Snow To Continue Through Evening

Premium subscribers have been made aware of recent forecasts for the upcoming storm and have had access to forecast school implications.  Below is the latest version of the freely available forecast:

First, as you can clearly see here, light snow is overspreading the region, with more along the coast thus far than inland.  Snow will become more widespread through the coming hours, as it started slightly earlier than most model guidance had expected but is in line with my updated timings yesterday afternoon.  It now looks like the heaviest snow could be moving in as soon as 4 PM and will continue through around midnight tonight, but I don’t see much more snow falling after midnight.

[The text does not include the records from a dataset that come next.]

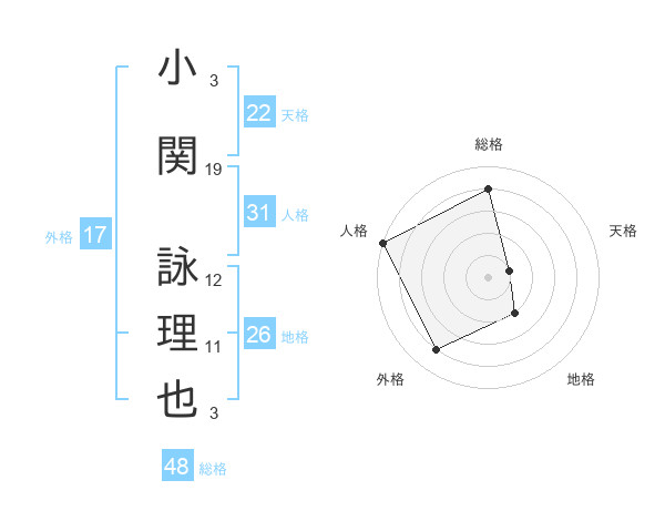 小関 詠理也さんを姓名の画数から五運を鑑定
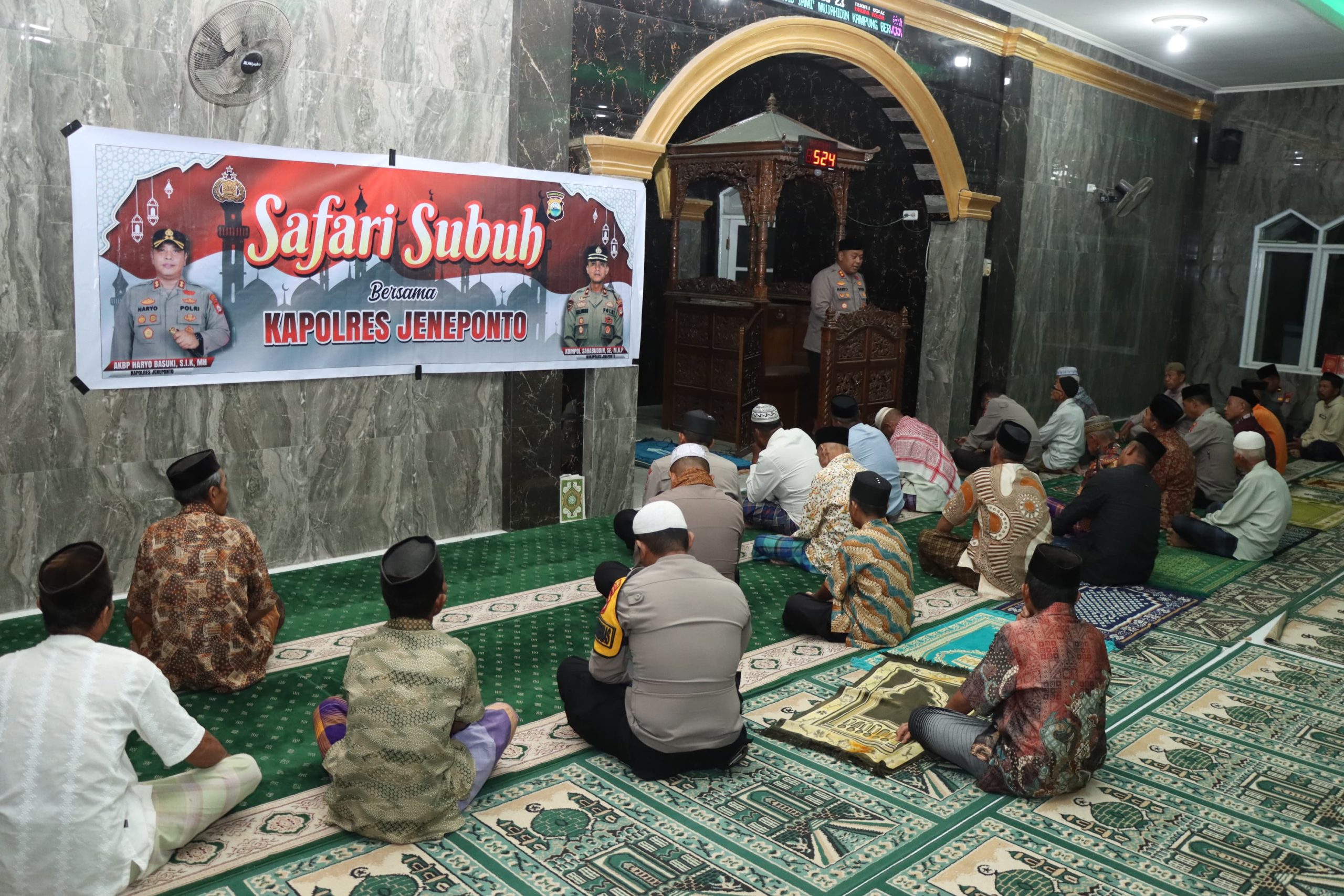 CAKRAWALAINFO.CO.ID, JENEPONTO – Dalam rangka mempererat tali silaturahmi dan menciptakan situasi keamanan dan ketertiban masyarakat (Kamtibmas) yang kondusif, Kapolres Jeneponto AKBP Haryo Basuki, S.I.K., M.H. melaksanakan kegiatan Safari Subuh di Kampung Beru, Desa Bulu Loe, Kecamatan Turatea, Kabupaten Jeneponto, pada Selasa dini hari (7/4/2026).
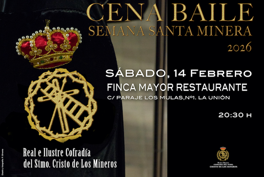 1. La Real e Ilustre Cofradía del Santísimo Cristo de los Mineros celebrará su tradicional y anual cena baile el 14 de febrero, a las 20.30 horas, en Finca Mayor de La Unión.
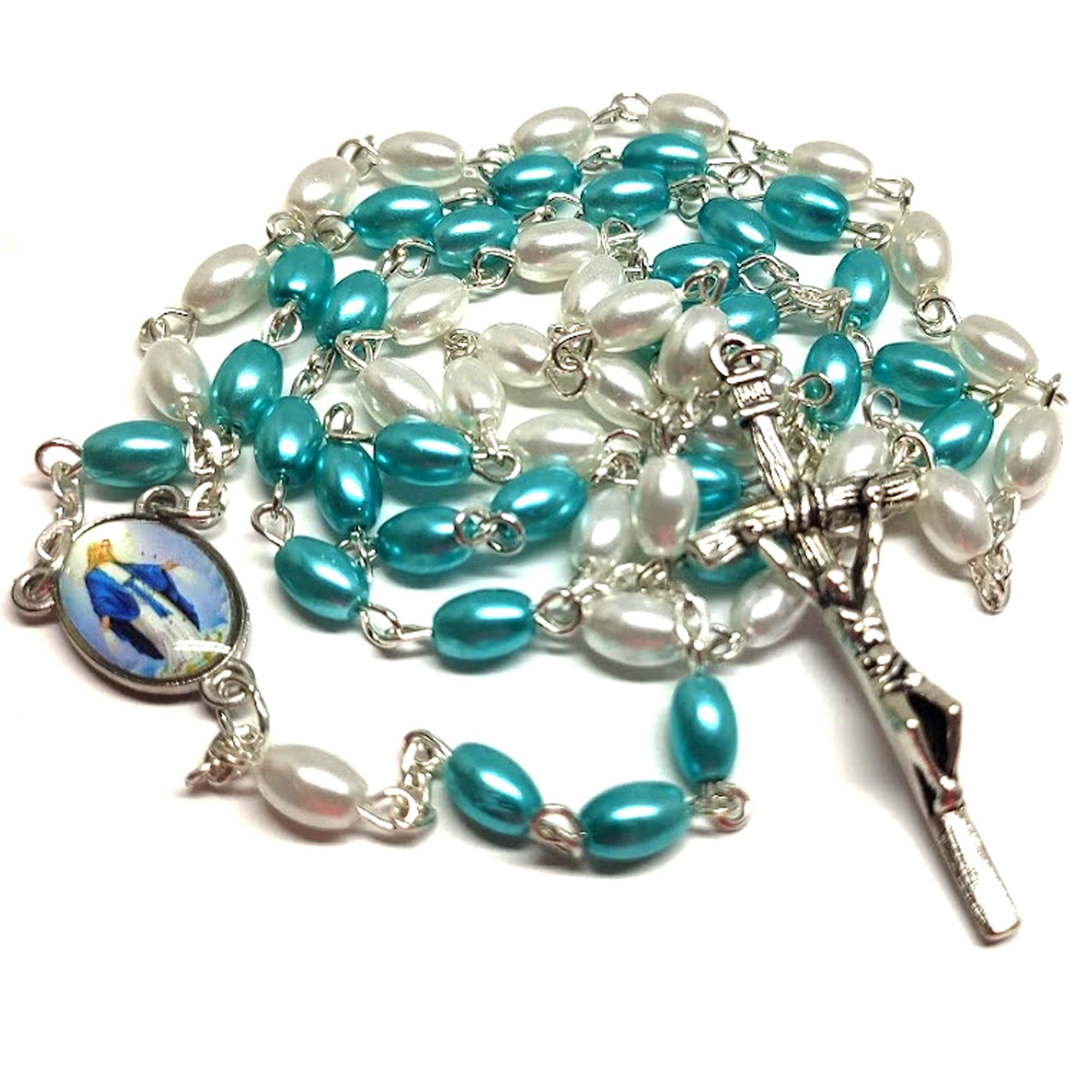 Ruženec, pospájané syntetické perly tyrkysovej a bielej farby. Z ruženca visí medailón Zázračnej Panny Márie a krížik Ježiša Krista. Podľa želania Vám vieme vyrobiť ruženec aj na mieru podľa zvolených korálok, ktoré si vyberiete. Na jeden ruženec je možné vyrobiť vždy iba jedno meno alebo meno s číslicami podľa typu korálok.

Sadly, the majority of weather model guidance is actually down at this time, so I can not access the HD ARW/NMM/NAM or RAP/HRRR extreme short-range guidance.  The majority of NCEP servers look to have somehow been hit hard and taken offline.  Accordingly, I don’t have a lot of weather guidance to share with you.  You can see from 1 to 4 PM the NAM has steady snow continuing across the region here before picking up a little more through 7 PM here.  Light snow then sticks around through about 1 AM here, with the model printing out accumulations of 6-7 inches widespread across the region.  It has trended significantly colder, showing only Westchester County turning over to freezing rain with SWCT remaining snow throughout, which is more in line with what I was expecting as the trend this winter is for storms to push further southeast as they approach.  Most models don’t show any freezing rain into Westchester County, and though we could briefly see a mix even into SWCT I doubt it will be sustained and really cut into accumulations.  You can see that the RGEM, which I have found most reliable this year, shows here widespread accumulations in the 4-5 inch range across most of SWCT with isolated amounts approaching 6 inches, in line with the forecast.  So I really think that snowfall amounts will end up in the narrow 4-6 inch range with maybe even a little more than 6 inches in spots, but that if there is any mixing with freezing rain, likely in southern Westchester County, that is where we could see accumulations limited to the 3-4 inch range.  Overall, the range of 3-6 inches of snow remains widespread as these models continue to support it.